The Government of the United States, following the evacuation of the Czechoslovak legions and the withdrawal of its own troops, is justified in insisting upon the evacuation by Japanese troops of all Russian territory.

The declared policy of the United States of considering Russian national rights and interests, jeopardized by the internal condition of Russia, as a trust to be guarded by all the nations in former alliance or association with whom Russia waged war against common enemies is a policy of moral strength and dignity and deserves the support of all friendly nations.

The continued occupation by Japanese troops of the Primorsk, the establishment of a civil Japanese régime in northern Sakhalin, and the appropriation of Russian mineral properties within these regions will continue to disturb the confidence of both Russians and Americans in the fair intentions of the Japanese Government.

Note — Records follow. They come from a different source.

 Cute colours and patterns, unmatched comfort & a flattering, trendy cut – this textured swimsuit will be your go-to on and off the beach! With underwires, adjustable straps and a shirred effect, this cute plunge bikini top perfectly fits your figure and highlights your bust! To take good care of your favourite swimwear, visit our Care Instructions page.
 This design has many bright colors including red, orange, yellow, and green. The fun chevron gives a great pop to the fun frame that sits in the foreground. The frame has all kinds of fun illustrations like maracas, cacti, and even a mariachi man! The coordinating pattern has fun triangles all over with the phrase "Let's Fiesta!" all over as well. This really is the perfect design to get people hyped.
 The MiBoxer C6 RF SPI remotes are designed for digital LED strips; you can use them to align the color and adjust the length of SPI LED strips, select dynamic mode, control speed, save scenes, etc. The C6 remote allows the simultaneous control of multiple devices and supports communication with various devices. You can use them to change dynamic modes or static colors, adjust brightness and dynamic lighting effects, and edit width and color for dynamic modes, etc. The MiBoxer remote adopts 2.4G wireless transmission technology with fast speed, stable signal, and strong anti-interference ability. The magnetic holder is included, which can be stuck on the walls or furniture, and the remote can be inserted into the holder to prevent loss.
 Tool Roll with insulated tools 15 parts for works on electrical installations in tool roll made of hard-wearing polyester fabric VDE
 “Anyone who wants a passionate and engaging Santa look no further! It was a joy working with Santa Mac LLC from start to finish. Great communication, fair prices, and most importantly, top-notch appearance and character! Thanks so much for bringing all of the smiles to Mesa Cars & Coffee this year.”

The promise of future friendly and helpful relations between the Chinese,

Russian, Japanese, and American peoples lies in the full and prompt realization of the assurances given by Japan's representatives at the Washington Conference and in the consummation of the policy of withdrawal announced by the present Japanese Ministry.

I have been surprised to find people thinking of another titanic world struggle. In fact, I have talked with few who did not think it inevitable. Some have accentuated the present existing commercial rivalries of nations as being the slumbering flames. The naval and military group see those and have no confidence in avoiding them, and are arguing for us to keep our powder dry. Others would call an international conference to limit the danger of world-wide rival discriminations and recriminations among nations. Others still would pursue the lone game with a strong nationalistic arm. It has not been uncommon to hear an idealistic lecture one hour, and a Round Table conference at another hour virtually discrediting all the idealism that had been heard the hour before. One thing of large significance has been that the idealist left Williamstown encouraged with the vision he had been given, and the realist left with a fuller equipment of the facts and figures to carry on his battle for the increased prestige of his country as a world power. Still further, the practical idealist, who has my sympathy, goes away with both the vision and the facts to settle the issues in order to realize his vision.

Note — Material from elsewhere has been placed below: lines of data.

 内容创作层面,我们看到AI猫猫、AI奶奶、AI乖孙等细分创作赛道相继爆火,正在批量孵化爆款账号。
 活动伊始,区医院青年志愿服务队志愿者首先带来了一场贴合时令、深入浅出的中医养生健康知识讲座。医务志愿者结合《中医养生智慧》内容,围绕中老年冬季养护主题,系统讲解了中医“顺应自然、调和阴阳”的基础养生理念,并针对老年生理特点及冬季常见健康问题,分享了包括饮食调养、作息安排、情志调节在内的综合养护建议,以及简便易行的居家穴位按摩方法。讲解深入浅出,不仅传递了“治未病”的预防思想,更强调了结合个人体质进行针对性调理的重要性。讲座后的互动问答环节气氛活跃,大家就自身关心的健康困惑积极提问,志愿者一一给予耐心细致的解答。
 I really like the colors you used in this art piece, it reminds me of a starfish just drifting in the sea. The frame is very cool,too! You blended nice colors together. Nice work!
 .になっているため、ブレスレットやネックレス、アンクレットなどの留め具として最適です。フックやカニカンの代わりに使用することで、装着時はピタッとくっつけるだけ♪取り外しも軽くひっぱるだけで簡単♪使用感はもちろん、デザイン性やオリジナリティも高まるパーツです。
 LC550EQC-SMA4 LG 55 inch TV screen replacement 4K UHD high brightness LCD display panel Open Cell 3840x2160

Culbertson, Barrows, and Rogers were to me the real contributors to the Institute of Politics. I make this estimate because of the content of their contributions and because the happy solution of the issues they raised are the sine qua non of peaceful relationship of nations in the world, and these gentlemen see the need of a world conference to save us from the inevitable drift. Nationalistic tariff walls are bones of contention. The Far East is the arena of the future world struggle; Dr. Rikitaro Fujisawa himself stated the challenge. Our only hope is to appeal to the liberal forces of Japan, and to do so we must get news here and avoid the present difficulties of having a Jap orator throw a book on the wire when he doesn't like the news we are sending into the Far East. To avoid this, therefore, we must own our own cables, as does Great Britain, and develop a comprehensive system of world cable communications, which, as Mr. Rogers has shown, we have so far lamentably failed to do.

It is an exceedingly difficult task which Dr. Garfield has to perform in keeping the Institute of Politics away from the dangers which threaten its usefulness. He must unquestionably deny its platform to the propagandist. He must keep it uncommitted from dogmatic principles and from worshiping any angel. In my opinion, he has so far succeeded.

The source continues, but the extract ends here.